Мои товарищи стояли в холле у большой араукарии. Что-то внезапно побудило меня раскрыть двери моей квартиры.
– Заходите, – сказал я приглушенным голосом, хотя до изолятора, где лежал Петр, отсюда не мог долететь никакой звук.
Они вошли. В комнате было уже темно: синева океана за окном сгущалась, но я не зажег света. Мы уселись поудобнее, вглядываясь в голубой сумрак за окном; над горизонтом сверкал высокий серебристый султан зодиакального света, и звезды, искусственные, но прекрасные – мерцающие земные звезды – заполняли небосвод.
Мы вели какой-то вроде бы беспорядочный, с длинными паузами разговор, это было не случайно: мы думали об одном и том же. Вдруг дверь распахнулась так резко, что ветер прошел по комнате. Это вошел Нильс Ирьола – по вечерам он иногда бывал у меня.
Он было попробовал понять по отдельным репликам, о чем мы говорим, и наконец спросил:
– Извините, можно ли узнать, о чем вы беседуете?
– Помнишь, я рассказывал об исследовании мозга Петра? Как в нем внезапно изменились токи, когда Анна спросила его…

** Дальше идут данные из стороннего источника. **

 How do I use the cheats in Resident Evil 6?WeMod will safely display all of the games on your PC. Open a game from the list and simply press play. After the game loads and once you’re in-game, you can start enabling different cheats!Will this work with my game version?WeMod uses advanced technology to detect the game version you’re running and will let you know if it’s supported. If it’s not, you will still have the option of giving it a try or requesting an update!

– Конечно, помню, – прервал меня Нильс. На фоне стекла четко проступал его мальчишеский профиль, более темный, чем синева за окном.
– Петр сейчас пересказал нам единственное уцелевшее воспоминание – о своей любви.

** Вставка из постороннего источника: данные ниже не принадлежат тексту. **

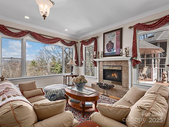 Grand estate on 7+ private acres with views of Beaver Lake and surrounding mountains. Towering high over Grove Park and Beaverdam Valley, this one-of-a-kind property gives the illusion of seclusion with its gates and pristine wooded setting while downtown Asheville is just down below. You are welcomed by a climbing driveway, brick terraced walls & walkways, and an elevated brick entryway. Inside, refined spaces & intimate nooks beckon entertaining & relaxation. Beyond the living room with sweeping views, you’ll find a kitchen with cherry cabinetry, island, eat-in nook, keeping room & access to the open wraparound deck & gazebo w/ hot tub. The primary suite stretches across the upper floor & features a double sided fireplace, sitting room and bedroom w/ access to a covered porch & elevated footbridge to the rear. Two main level BRs & a finished walk-out basement add versatile space for play, work & overnight guests. Separate, self-contained apartment with long-range mountain views.
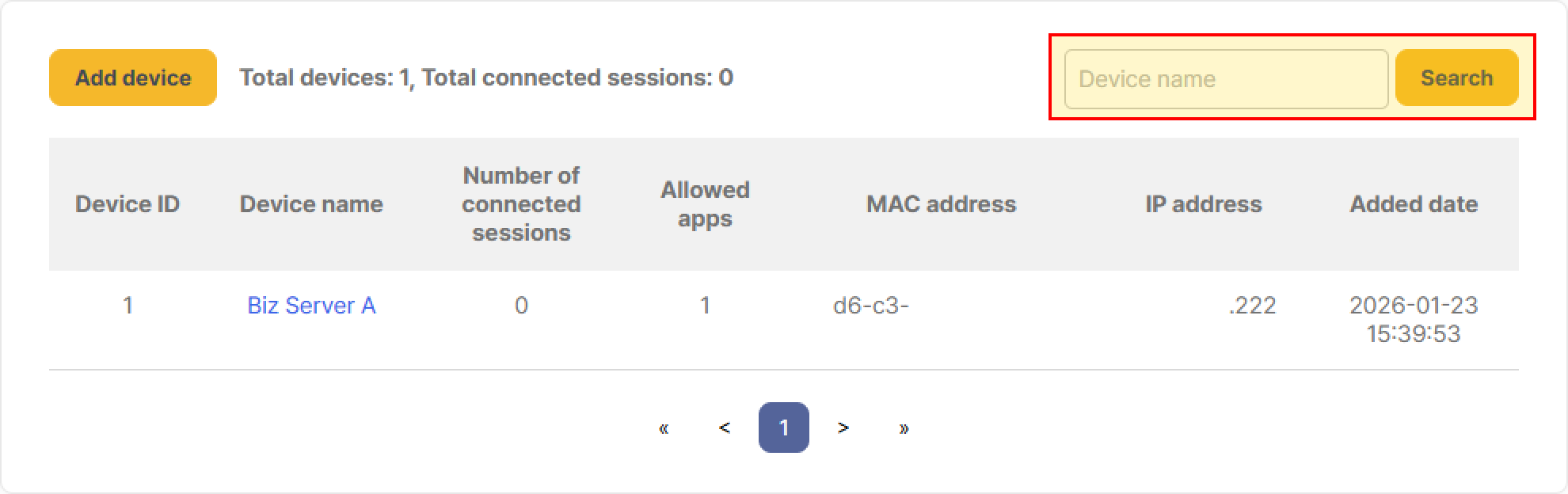 To find a specific device, enter the device name in the search field located at the top right of the table and click [Search]. Partial search is supported; entering a string of characters will return all devices with names containing that string.

– И вы вот над этим размышляете в потемках? – спросил Нильс.
– Да. Это, видишь ли, была любовь довольно редкая и грустная – неразделенная.
– Ага, несчастливая любовь. – Мальчик наклонил голову и, немного помолчав, сказал с оттенком осуждения в голосе: – Да, случается и несчастливая любовь. Я читал об этом. Конечно, есть дела поважнее, но и это тоже бывает, я понимаю. В будущем, очевидно, такие случаи будут невозможны.
– Что ты имеешь в виду? – спросил я.
Нильс ответствовал:
– Просто можно будет как-то изменить психику этого человека…
– Чтобы он «отлюбился»? – спросил из своего угла самым серьезным тоном Амета.
– Можно и так, но не обязательно. Ведь можно изменить психику и того, другого, человека… Я читал где-то, что по желанию можно вызывать инстинкт материнской любви у животных, вводя им соответствующие гормоны. Это происходит в результате воздействия химических элементов на кору головного мозга. С человеком, конечно, будет труднее, но все же принципиальной разницы нет…
– Ты так думаешь? – спросил Амета.
А Шрей заметил:
– Это не так просто, дорогой Нильс.
– Почему?
– Ты, значит, кое-что об этом прочитал и уже составил свое мнение? У Архиопа есть такая комедия, «Гость». В ней описано, как на Землю прибыл один очень интеллигентный марсианин, который не знал, что такое музыка. Он знакомится с нашей цивилизацией и, среди прочего, попадает на концерт.
«Что делают здесь люди?» – спрашивает он. «Слушают музыку». – «Что такое музыка?» Земляне пытаются, как умеют, объяснить ему. «Не понимаю, – говорит марсианин. – Ну хорошо, я сейчас изучу это сам». Ему показывают инструменты, он исследует их, обнаруживает в них всякие там клапаны, молоточки. Наконец дело доходит до барабана. Марсианину очень понравились большие размеры и геометрически правильная форма этого инструмента, он тщательно ощупал его и сказал: «Спасибо, теперь я знаю, что такое музыка, это очень интересно». Ты, мой мальчик, пока знаешь о любви столько, сколько этот марсианин о музыке. Надеюсь, я тебя не обидел?